Simply put, no. A healthy dragon won’t be harmed in the slightest by turning down the heat and UVB. In reality, it would occur just as it would in a burrow under natural circumstances.

The burrow protected them from the colder surface temperatures. Additionally, bearded dragons fill the entryway with soil. This protects them from any predators, but it also means that it is always quite dark.

For example, digestion processing and energy production both require heat and UVB. Of course, none of this is necessary for sleeping. due to lack of food and activity.

During this procedure, some persons will still be exposed to UVB and some type of heat. and accomplish this with success. However, there is really no necessity. I’ve been asked before if they’ll have metabolic bone disease, but they won’t.

Using the method I outlined, we are effectively simulating a natural burrow.
The glass of the vivarium/tank will simply be covered with paper or a blanket as additional measures. It’s therefore cozy and dark for them. And I’ll check in on them every day.

How do You Know When Brumation is Ending ?

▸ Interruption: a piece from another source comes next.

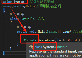 像Console.WriteLine是隶属于System的,只有using System引入了命名空间才能用
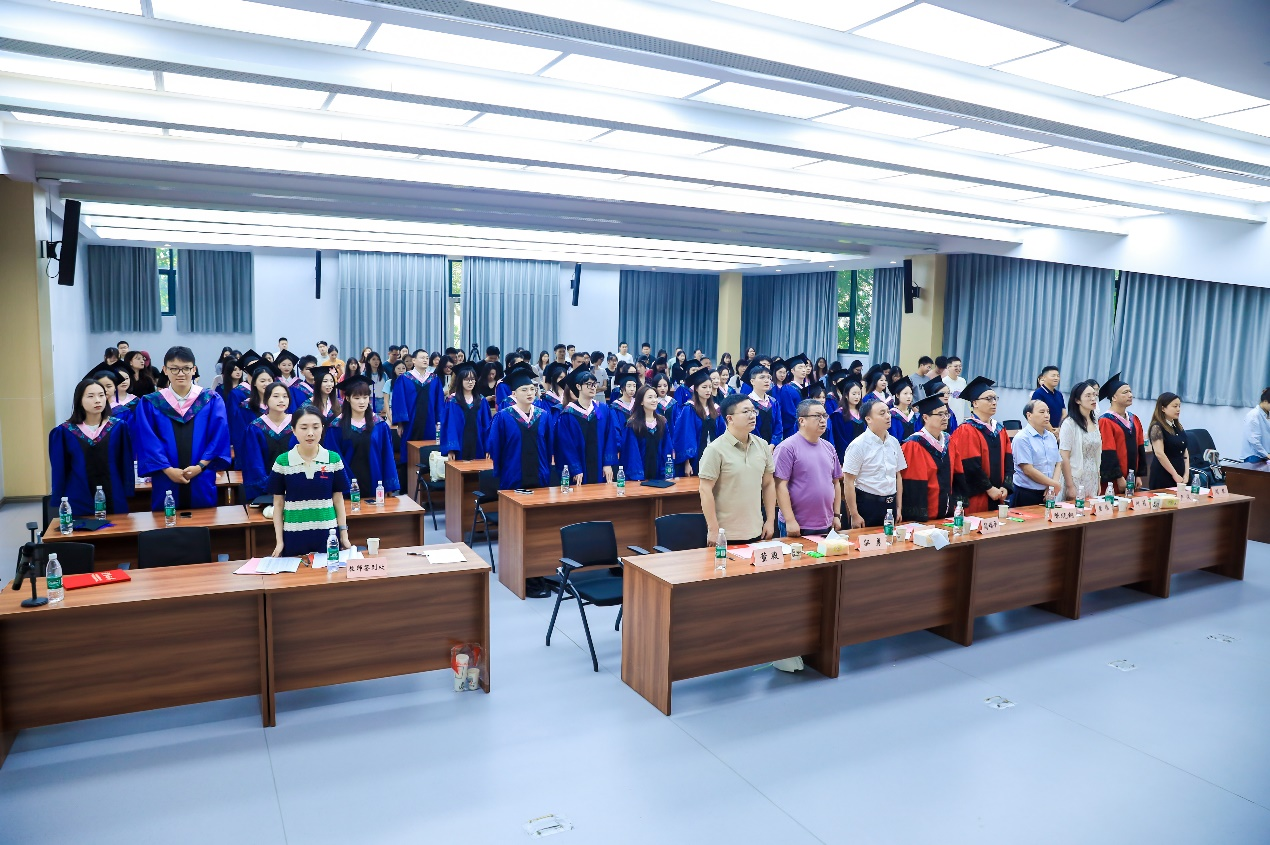 毕业典礼在雄壮嘹亮的国歌声中拉开帷幕。公司党委副书记、副经理、纪委书记洪富忠宣读了《关于授予周沫等44名同学硕士学位的决定》。

There are warning signals that your bearded dragon is about to enter brumation. Your dragon’s awakening is rather clear.

She could merely walk out of her hiding place and start crawling about her terrarium in search of food when you check on her, or you might notice her looking back at you with wide eyes. In any case, it’s not too difficult to distinguish between your dragon truly waking up and it just walking outside for a drowsy sip.

Remember that it can take your dragon a few days to go back into his usual pattern. Restore his illumination gradually, provide him usual food, and just be patient while he awakens. He’ll return to his routine quite quickly. Contact your veterinarian if you ever have any concerns or observe anything out of the ordinary.